Examples of using asyncio: HTTPServer ?!

Not so long ago, a new version of Python 3.4 was released in the changelog, which included many "goodies". One of these is the asyncio module , which contains an infrastructure suitable for writing asynchronous network applications. Thanks to the coroutines concept, the asynchronous application code is easy to understand and maintain.

In the article, using the example of a simple TCP (Echo) server, I will try to show you what to eat asyncio, and I would venture to eliminate the “fatal flaw” of this module, namely the lack of an asynchronous HTTP server implementation.

Intro

A direct competitor and “brother” is the tornado framework , which has proven itself and enjoys well-deserved popularity. However, in my opinion, asyncore looks simpler, more logical and thought out. But this is not surprising, because we are dealing with a standard language library.

You will say that it was possible to write asynchronous services in Python before and you will be right. But this required third-party libraries and / or the use of callback programming style. The concept of coroutine brought to this perfection in this version of Python practically allows you to write linear asynchronous code using only the capabilities of standard language libraries.

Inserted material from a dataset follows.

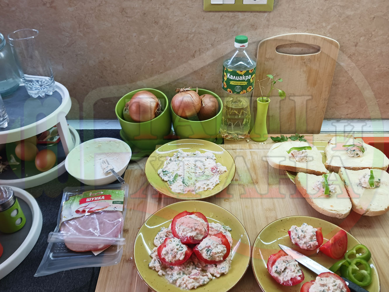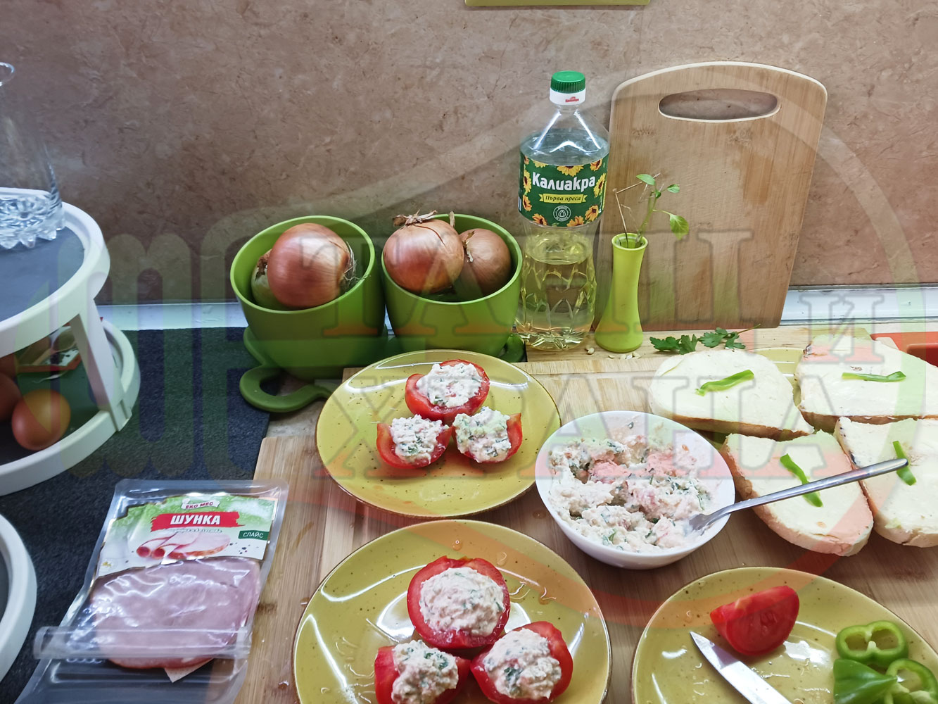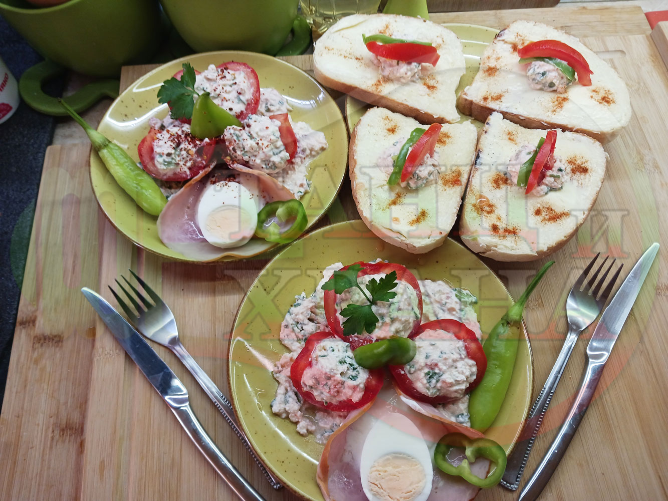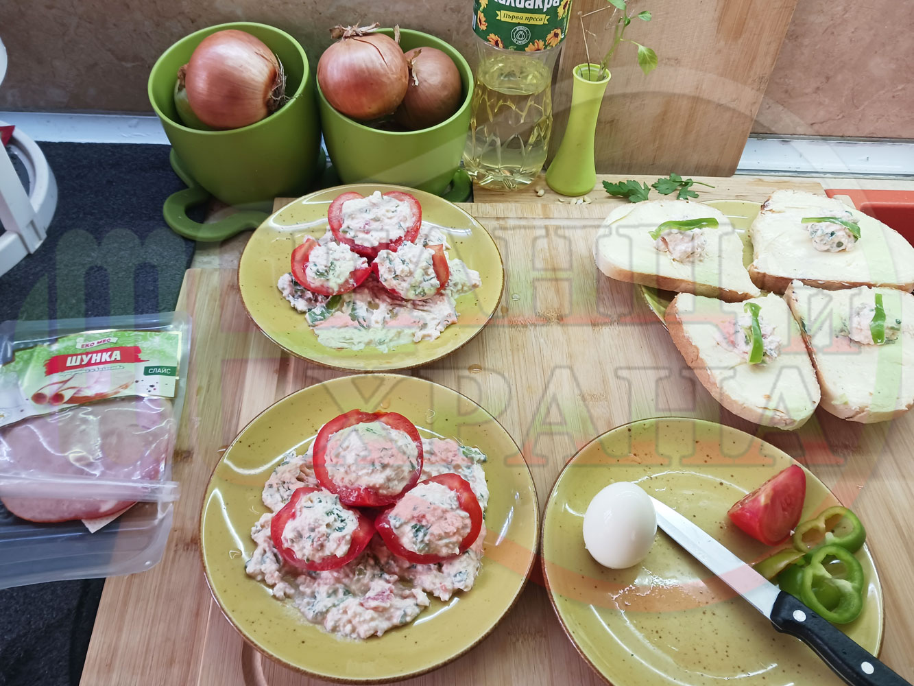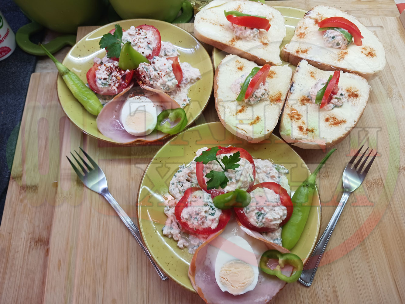 Българска сурова салата "Пълненодоматена яйченошункова зеленочушкова с БГсирене" приготвена от домати напълнени със сиренов крем с яйца, зелени чушки, магданоз, чесън и краве бяло сирене гарнирана със шунка с кисело мляко от България - двукомпонентна

I just want to make a reservation that I wrote all this under Linux, but all the components used are cross-platform and under Windows should also work. But the Python 3.4 version is required.

Echoserver

An example of an Echo server is in the standard documentation, but this refers to the low-level API “Transports and protocols” . For "everyday" use, the high-level API Streams is recommended . There is no example of TCP server code in it, however, having studied an example from the low-level API and looking at the sources of this and another module, it is easy to write a simple TCP server.

import asyncio
import logging
import concurrent.futures
@asyncio.coroutinedefhandle_connection(reader, writer):
    peername = writer.get_extra_info('peername')
    logging.info('Accepted connection from {}'.format(peername))
    whileTrue:
        try:
            data = yieldfrom asyncio.wait_for(reader.readline(), timeout=10.0)
            if data: 
                writer.write(data)
            else:
                logging.info('Connection from {} closed by peer'.format(peername))
                breakexcept concurrent.futures.TimeoutError:
            logging.info('Connection from {} closed by timeout'.format(peername))
            break
    writer.close()
if __name__ == '__main__':
    loop = asyncio.get_event_loop()
    logging.basicConfig(level=logging.INFO)
    server_gen = asyncio.start_server(handle_connection, port=2007)
    server = loop.run_until_complete(server_gen)
    logging.info('Listening established on {0}'.format(server.sockets[0].getsockname()))
    try:
        loop.run_forever()
    except KeyboardInterrupt:
        pass# Press Ctrl+C to stopfinally:
        server.close()
        loop.close()

Everything is quite obvious, but there are a couple of nuances that are worth paying attention to.

    server_gen = asyncio.start_server(handle_connection, port=2007)
    server = loop.run_until_complete(server_gen)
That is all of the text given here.